Celebrity outfits aren’t included — they’re covered by brands. A complete look (dress, jewelry, stylists) averages $1.5 million* (about £1.21 million or C$2.16 million), but those are personal endorsement deals, not part of the ceremony’s budget.
Then there’s film promotion. To get Academy members’ attention, studios spend over $100 million* (around £81 million or C$144 million). In the past, they’d mail physical copies — costing millions in discs and shipping. Now streaming has taken over: screening a single film runs about $20,000* (approximately £16,200 or C$28,800). Savings, but still pricey.
It’s Not About the Statuette
When you add it all up, the picture seems absurd: a gleaming knight worth $700 but legally valued at one dollar, a $57 million ceremony, studio budgets in the hundreds of millions. Where’s the logic?

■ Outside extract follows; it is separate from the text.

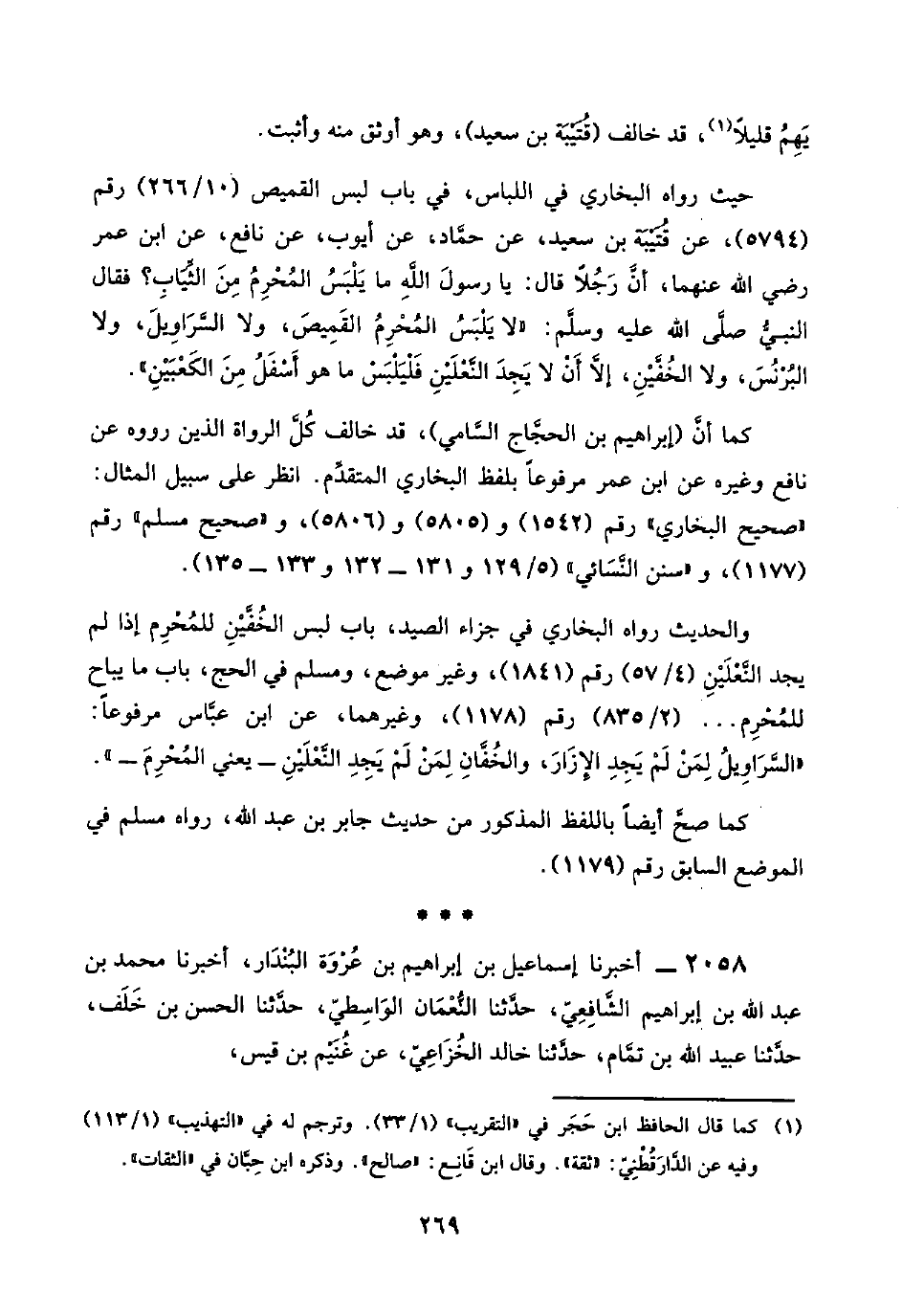 حيث رواه البُخَاري في اللباس، في باب لبس القميص (١٠/ ٢٦٦) رقم (٥٧٩٤)، عن قُتَيْبَة بن سعيد، عن حمَّاد، عن أيوب، عن نافع، عن ابن عمر رضي اللَّه عنهما، أنَّ رَجُلًا قال: يا رسولَ اللَّهِ ما يَلْبَسُ المُحْرِمُ مِنَ الثِّيَابِ؟ فقال النبيّ صلَّى اللَّه عليه وسلَّم: "لا يَلْبَسُ المُحْرِمُ القَميِصَ، ولا السَّرَاوِيلَ، ولا البُرْنُسَ، ولا الخُفَّيْن، إلَّا أَنْ لا يَجِدَ النَّعْلَيْنِ فَلْيَلْبَسْ ما هو أَسْفَلُ مِنَ الكَعْبَيْنِ".

The logic is simple: the Oscar isn’t about metal and gold plate. It’s a ticket to another world. A film that wins the statuette earns exponentially more at the box office. An actor who becomes a laureate sees their price tag skyrocket. A studio with an Oscar on the shelf sells future projects faster and for more money.
By itself, this knight is just a chunk of tin with gold plating. But as a symbol — it’s a key to millions. For such a key, people are willing to pay $1.5 million at auction and battle in court for years.
The day after tomorrow, when another lucky soul waves a statuette from the stage, I’ll switch my internal accountant back on. But this time, maybe I’ll just be happy for them. They’ve earned it. Even if their knight costs as much as a vacuum cleaner.
* Note: Currency conversions are approximate and based on exchange rates as of March 13, 2026: 1 USD = 0.8635 EUR / 0.810 GBP / 1.44 CAD. Actual rates may vary. For real-time conversions, use the currency converter.